千年の都・京都には、訪れる人の心を揺さぶる絶景が数えきれないほど存在します。古都の歴史が刻まれた寺社の美しさ、四季折々に表情を変える自然の風景、そして京都府北部に広がる海と山の雄大な景観。今回は、京都を訪れたなら一度は目にしてほしい、感動の景色スポットを13か所厳選してご紹介します。



嵐山・嵯峨野エリアの絶景

渡月橋

嵐山を象徴する景色といえば、やはり渡月橋です。「月が橋を渡るようだ」と詠まれたことからその名がついた全長155メートルの橋は、保津川(大堰川)に静かにたたずみ、背後に連なる嵐山の山並みとともに絵画のような景観を生み出します。春は、夏は青もみじ、秋は燃えるような紅葉、冬は雪景色と、四季を通じて異なる美しさを見せてくれるのが最大の魅力。

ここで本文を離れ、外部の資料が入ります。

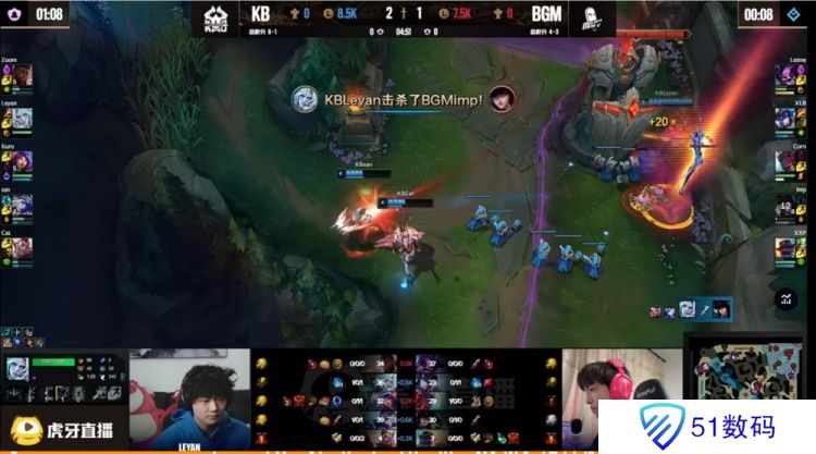 【21:26】Letme凯南在上路吃到san艾希一箭,被Kuro妮蔻跟上控制秒掉!KB开打大龙,xxp布隆大三个但是直接没秒!Corn永恩Q3+R想进场找san艾希,但是被捡到布隆魂的Leyan佛耶戈晕住,也白给了!KB追击留住Imp女警,打了个3+1,一波0换4之后回头再开大龙!XLB猪妹还想进场但是龙已经被Leyan佛耶戈惩掉了!KB追击再次打出0换3!
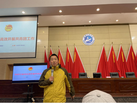 谭明武围绕“新时代如何高效的开展共青团工作”为同学们讲解了五个关键词“方向、目标、自律、学习、借力”,关键词与生活中典型案例的综合运用,让同学们更加清楚且轻松的认识到共青团工作如何在新时代高校开展。

朝霧の中に橋が浮かび上がる早朝の光景は特に幻想的で、一度見たら忘れられない印象を残します。

竹林の小径

嵐山のもうひとつの顔が、竹林の小径です。天まで届くような孟宗竹が両側にそびえる全長約400メートルの緑の回廊は、訪れる人を別世界へと誘います。木漏れ日が揺れる光の筋と、風に揺れる竹のざわめきが五感を包む体験は、京都の中でも特別な感動を与えてくれます。日本の音風景100選にも選ばれた「竹のざわめき」は、ここでしか味わえない唯一無二のもの。入場無料・24時間開放されており、人が少ない早朝に訪れると、静寂の中でこの景色を独り占めできます。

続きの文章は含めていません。